Initial Public Offering (IPO) — Definition & Recent IPOs

A complete guide to what an IPO is, how the process works, and a historical list of companies that have gone public on U.S. exchanges — including notable IPOs from 2025 and what to watch in 2026.

347 U.S. IPOs in 2025
+54% vs. 2024 IPO Count
$171.8B Global IPO Proceeds 2025
1,035 All-Time Record IPOs (2021)
Disclaimer: The information on this page is for educational and informational purposes only and does not constitute investment advice, a recommendation to buy or sell any security, or an offer to purchase any investment. IPO investing involves significant risk. Always consult a qualified financial professional before making any investment decisions.
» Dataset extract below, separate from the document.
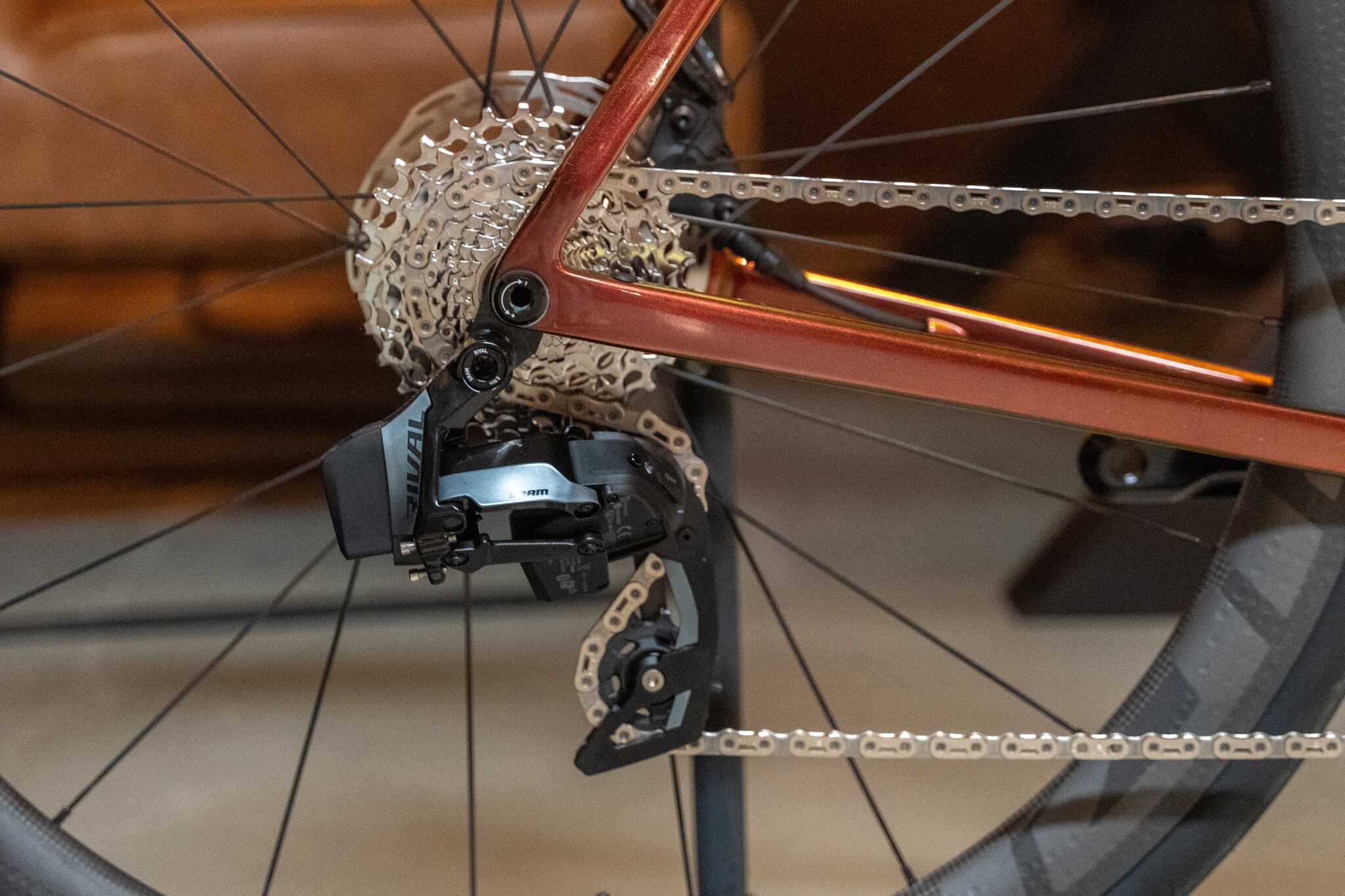 Wat betreft gewicht zien we een duidelijke besparing ten opzichte van de vorige generatie Rival AXS. Dankzij de lichtere crank en vernieuwde cassette ligt het totaalgewicht van de groep aanzienlijk lager, wat je direct merkt bij het klimmen en accelereren.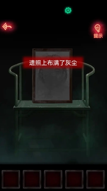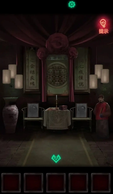 一开始先过剧情,依照提示去开门,找到剪刀把门打开,看到红衣老婆后就开始进行拜堂仪式。拜完高堂后,所有人都消失了,游戏正式开启。首先查看一下椅子上的两张遗照,提示显示照片都很脏,这种情况下,理所当然得找个东西来擦一擦。

This page tracks companies that have completed their initial public offerings on U.S. exchanges and provides a comprehensive educational guide to understanding the IPO process. Whether you're an investor researching a specific company's stock debut or looking to understand how the IPO market works, the sections below cover everything from the definition and process steps to how retail investors can participate — and the risks involved.

What Is an Initial Public Offering (IPO)?
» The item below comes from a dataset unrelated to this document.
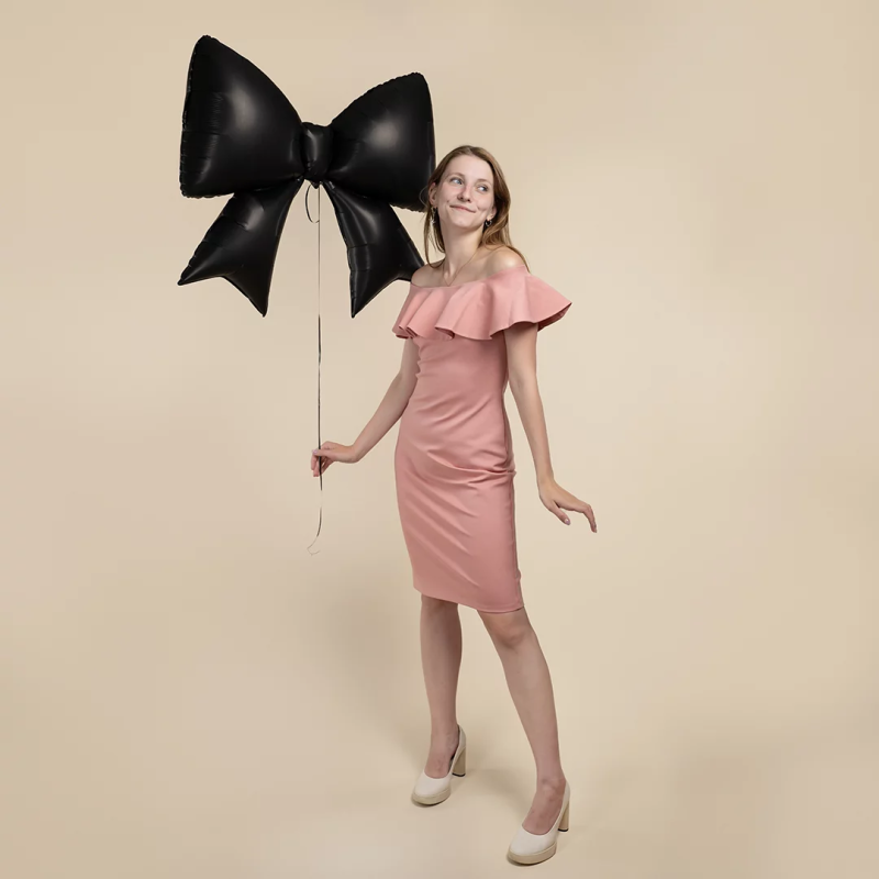 Шар (39''/99 см) Фигура, Бант, Черный, Сатин, 1 шт. в уп., 27064P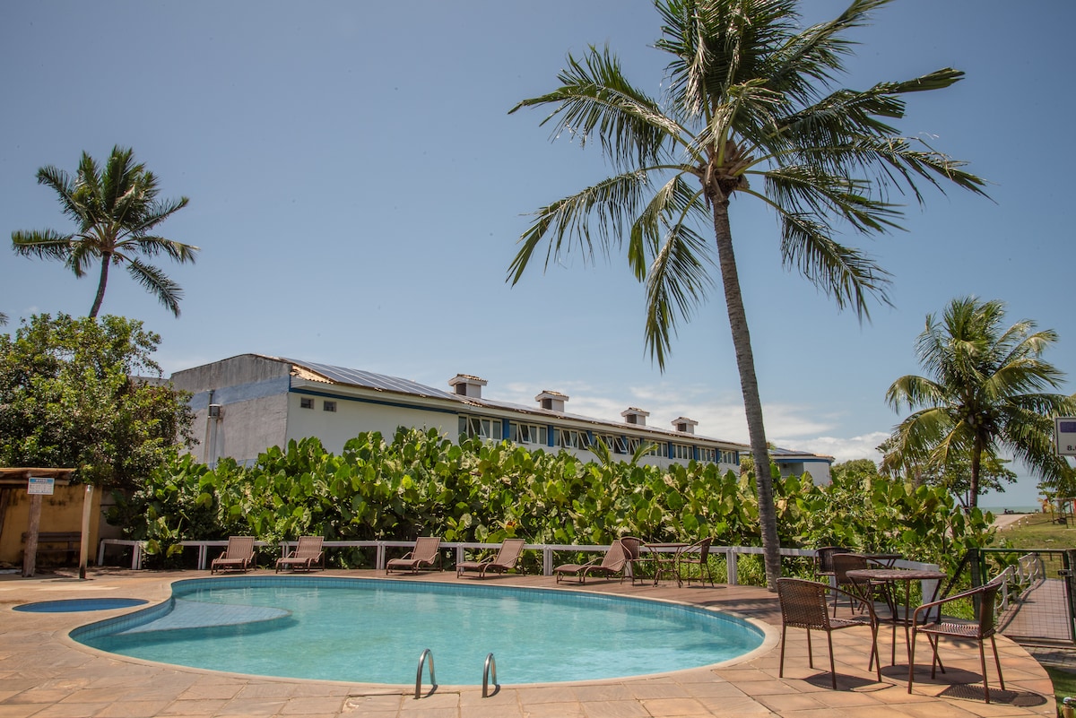 Bella casa, con 4 camere da letto, area privata, barbecue, aria condizionata e aiuto domestico. Situato in un condominio, che è calmo, tranquillo, sicuro e confortevole con una splendida vista sull'oceano e piscina e sauna in comune. Casa con 4 suite, con barbecue, birreria, cantina, aria condizionata split in tutte le camere, servizio di pulizia ogni giorno tranne la domenica e festivi inclusi. Il condominio è tranquillo, silenzioso, sicuro e sul lungomare (a pochi passi dalla spiaggia), con una piscina comune e una sauna.

An initial public offering, or IPO, is the first time a privately held company sells shares of its stock to the general public on a regulated stock exchange. Through this process — commonly referred to as "going public" — a company transitions from private ownership to public ownership, allowing any investor to purchase shares through a standard brokerage account.

Before an IPO, a company's shares are owned by a limited group: the founders, early employees, angel investors, and venture capital or private equity firms that funded the company's growth. The IPO provides those early stakeholders with a pathway to liquidity — the ability to sell their holdings on the open market — while simultaneously allowing the company to raise fresh capital from a broad base of public investors.

Under U.S. federal securities law, a company may not lawfully offer or sell shares to the public unless the transaction has been registered with the Securities and Exchange Commission (SEC) or an exemption applies. Once listed, shares trade freely on exchanges such as the New York Stock Exchange (NYSE) or Nasdaq, with prices fluctuating based on supply and demand throughout each trading day.

IPOs are a cornerstone of the U.S. capital markets, enabling high-growth companies to access funding at a scale that private financing cannot match. Companies like Dropbox, Inc. (DBX) and DocuSign, Inc. (DOCU) used their IPOs to fund global expansion and product development after years of venture-backed private growth.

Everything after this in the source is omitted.